Nadia dilema. Waktu itu, Zidan pura-pura tidak mengenalnya karena alasan yang tidak jelas, bertepatan juga saat Arina ada di sana. Ini saat yang tepat untuk melepas topengnya, "Kak, sebenernya aku adiknya Kak Zidan." ia menunduk, tak sanggup melihat ekspresi Arina yang pastinya berubah drastis.

"Adik? Tapi waktu itu ... " Arina tak habis pikir, Zidan membohonginya. Bahkan menyembunyikan identitas adik kandungnya sendiri. Ia kecewa, bingung, speechless.

"Please, Kak, jangan marah dulu." Nadia memegang kedua pundak Arina, "waktu itu, aku tanya ke Kak Zidan alasan dia ngelakuin ini, katanya buat surprise biar Kak Arin kaget dan gak percaya kalo orang yang yang ada di rooftop itu, adiknya Kak Zidan. Karena sebulan lagi, aku ulang tahun." berbohong, itu yang mendeskripsikan semuanya, kecuali ulang tahunnya yang memang bulan depan.

"Tapi kenapa harus gini? Dan akhir-akhir ini, dia jarang ngabarin gue, Nad. Sekalipun ngabarin atau ngajak jalan, dia beda banget dari biasanya. Terkesan menjauh, gitu." Arina memeluk Nadia dari samping, ia juga menjadikan pundak Nadia sebagai bantal.
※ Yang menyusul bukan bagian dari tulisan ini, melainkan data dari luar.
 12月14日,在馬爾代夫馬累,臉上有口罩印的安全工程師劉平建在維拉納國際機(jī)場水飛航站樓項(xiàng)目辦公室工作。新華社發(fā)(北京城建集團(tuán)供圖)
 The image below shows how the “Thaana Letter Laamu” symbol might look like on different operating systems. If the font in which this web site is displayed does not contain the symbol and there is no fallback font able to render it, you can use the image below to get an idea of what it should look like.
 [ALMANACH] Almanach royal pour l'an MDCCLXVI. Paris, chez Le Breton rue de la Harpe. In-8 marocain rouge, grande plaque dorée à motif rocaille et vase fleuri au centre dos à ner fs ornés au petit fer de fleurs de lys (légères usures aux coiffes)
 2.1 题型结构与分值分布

Untuk masalah ini, Nadia benar-benar tidak tahu. Ini soal hati, persoalan yang hanya diketahui sang pemilik, orang lain tidak berhak mengusik atau mengatur, "sabar, ya, Kak. Mungkin Kak Zidan lagi sibuk sama tugas kalo enggak, ya, sibuk nyelesain proyeknya." Nadia mengeusap-usap punggung Arina. Andai saja, Zidan ada di sana, menyaksikan langsung pengakuan hati Arina.
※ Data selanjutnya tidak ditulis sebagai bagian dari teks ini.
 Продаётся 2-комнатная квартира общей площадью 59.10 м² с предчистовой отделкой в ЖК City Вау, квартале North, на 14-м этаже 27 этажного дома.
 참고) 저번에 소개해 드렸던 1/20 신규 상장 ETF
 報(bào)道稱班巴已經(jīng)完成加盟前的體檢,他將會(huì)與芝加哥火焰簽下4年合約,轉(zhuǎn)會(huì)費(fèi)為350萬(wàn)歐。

"Oh iya, kalo kakak ke sini buat nyariin Kak Zidan, mungkin gak bisa. Dia tadi telpon aku, katanya ada tugas yang belum selesai dan harus dikumpulin hari ini. Terus sekarang, dia lagi ke rumah temennya yang di deket kampus." Nadia berat menjelaskannya karena ia tahu, ekspetasi Zidan di mata Arina tidak lagi baik.

"Oh, gitu. Tuh 'kan, Zidan gak ngasih tau gue." Arina menunjuk ponselnya yang berada di atas meja. Sedangakan Nadia, pikirannya ke mana-mana dan berhenti di satu titik paling terang.
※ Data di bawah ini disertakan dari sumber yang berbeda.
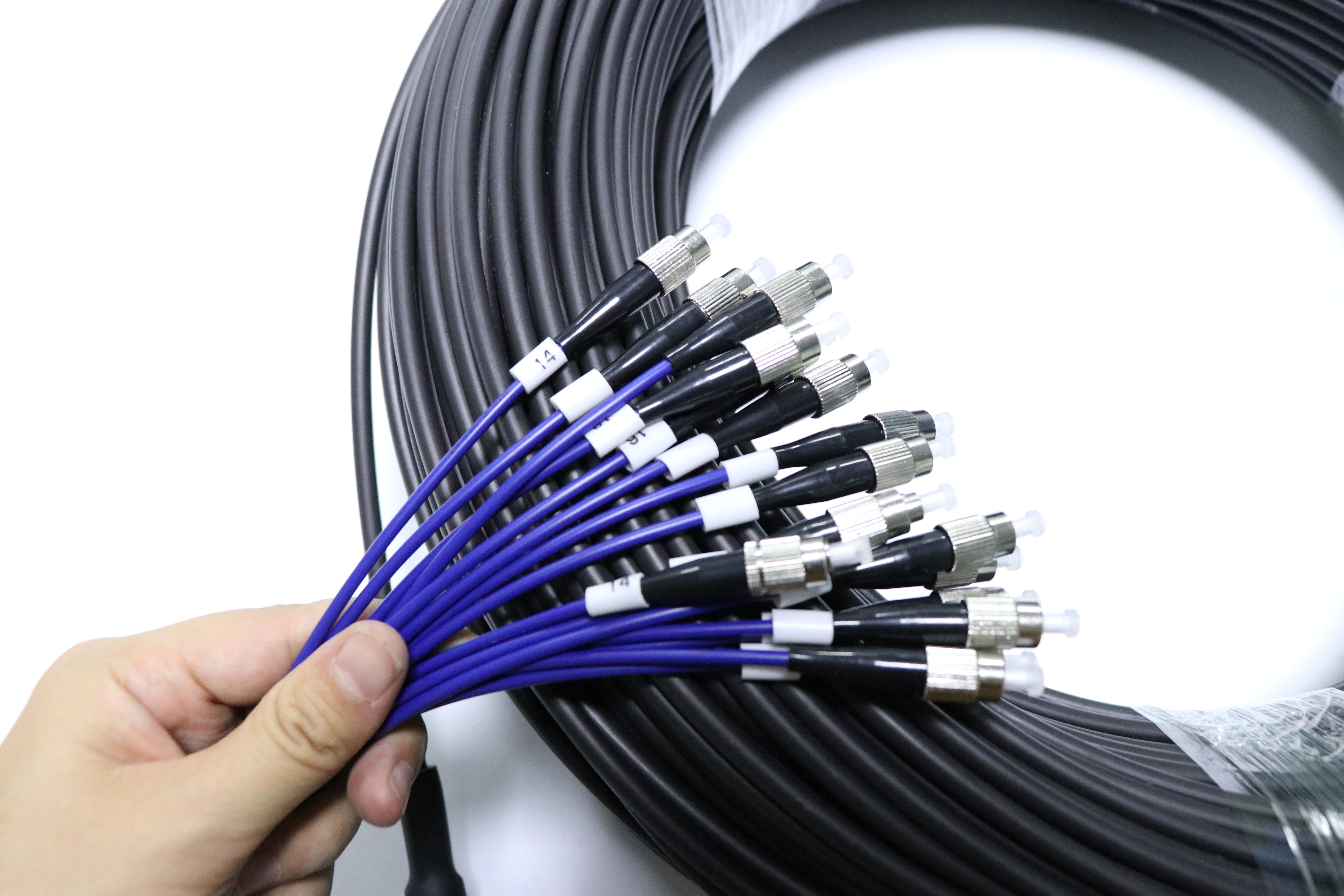 Outdoor single mode fiber optic cable 4 6 8 12 24 core prefabricated connector armored melt-free fiber optic cable custom SC LC FC

"Kak, Arya itu adiknya Kakak? Kalo iya, bisa bantuin aku sesuatu, gak?" Nadia tersenyum ragu. Ini bertepatan dengan masalahnya dan ia harus memanfaatkan.dengan sebaik mungkin.

"Iya-iya. Eh, topi lo masih ada di dia? Aneh banget emang Arya, masa bawa-bawa barang orang." memori Arina langsung mengarahkannya pada kejadian di mana Arina mengira Arya membeli topi baru, padahal itu milik Nadia.